• What the task asks:
In the entries below, begin at the line that has "Best lot in" and stop after the line that has "33. Tang, S.K.;"; output those lines exactly, leaving out pictures.

• Data supplied:

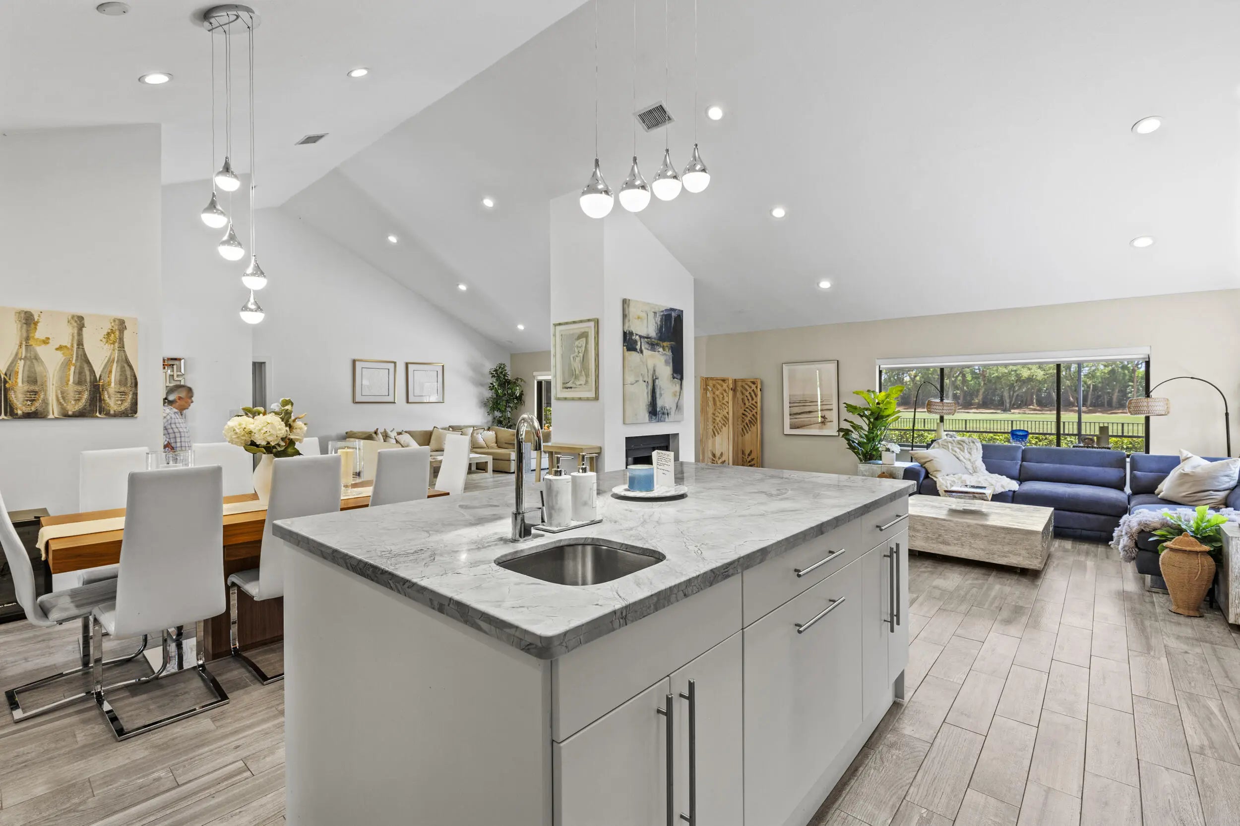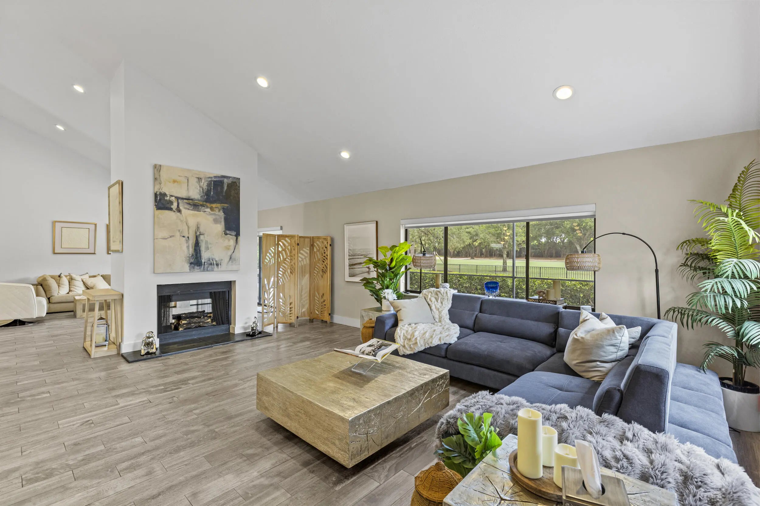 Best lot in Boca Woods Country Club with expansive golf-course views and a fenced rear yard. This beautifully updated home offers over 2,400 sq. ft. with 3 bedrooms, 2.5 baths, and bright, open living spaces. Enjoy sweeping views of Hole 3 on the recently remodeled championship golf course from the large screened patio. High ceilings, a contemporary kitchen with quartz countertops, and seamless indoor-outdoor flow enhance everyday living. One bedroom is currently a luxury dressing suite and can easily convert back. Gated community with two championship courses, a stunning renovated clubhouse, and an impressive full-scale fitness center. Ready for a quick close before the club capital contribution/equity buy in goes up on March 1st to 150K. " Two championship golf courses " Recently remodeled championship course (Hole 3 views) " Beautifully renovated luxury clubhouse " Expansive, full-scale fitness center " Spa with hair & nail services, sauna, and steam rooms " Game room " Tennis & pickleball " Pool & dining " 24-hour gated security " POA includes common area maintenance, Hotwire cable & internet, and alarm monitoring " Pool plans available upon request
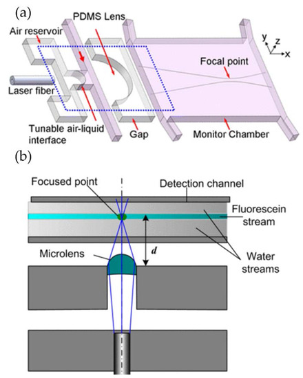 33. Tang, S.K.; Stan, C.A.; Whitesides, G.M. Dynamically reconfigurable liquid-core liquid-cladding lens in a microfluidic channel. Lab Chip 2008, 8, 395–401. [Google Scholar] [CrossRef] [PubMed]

--

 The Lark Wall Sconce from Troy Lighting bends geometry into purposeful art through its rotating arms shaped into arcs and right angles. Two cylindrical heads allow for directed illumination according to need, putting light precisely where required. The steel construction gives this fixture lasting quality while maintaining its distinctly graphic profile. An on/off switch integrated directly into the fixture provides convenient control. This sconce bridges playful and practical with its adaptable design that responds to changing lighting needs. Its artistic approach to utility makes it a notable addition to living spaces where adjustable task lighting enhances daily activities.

• Solution for this task:
 Best lot in Boca Woods Country Club with expansive golf-course views and a fenced rear yard. This beautifully updated home offers over 2,400 sq. ft. with 3 bedrooms, 2.5 baths, and bright, open living spaces. Enjoy sweeping views of Hole 3 on the recently remodeled championship golf course from the large screened patio. High ceilings, a contemporary kitchen with quartz countertops, and seamless indoor-outdoor flow enhance everyday living. One bedroom is currently a luxury dressing suite and can easily convert back. Gated community with two championship courses, a stunning renovated clubhouse, and an impressive full-scale fitness center. Ready for a quick close before the club capital contribution/equity buy in goes up on March 1st to 150K. " Two championship golf courses " Recently remodeled championship course (Hole 3 views) " Beautifully renovated luxury clubhouse " Expansive, full-scale fitness center " Spa with hair & nail services, sauna, and steam rooms " Game room " Tennis & pickleball " Pool & dining " 24-hour gated security " POA includes common area maintenance, Hotwire cable & internet, and alarm monitoring " Pool plans available upon request
 33. Tang, S.K.; Stan, C.A.; Whitesides, G.M. Dynamically reconfigurable liquid-core liquid-cladding lens in a microfluidic channel. Lab Chip 2008, 8, 395–401. [Google Scholar] [CrossRef] [PubMed]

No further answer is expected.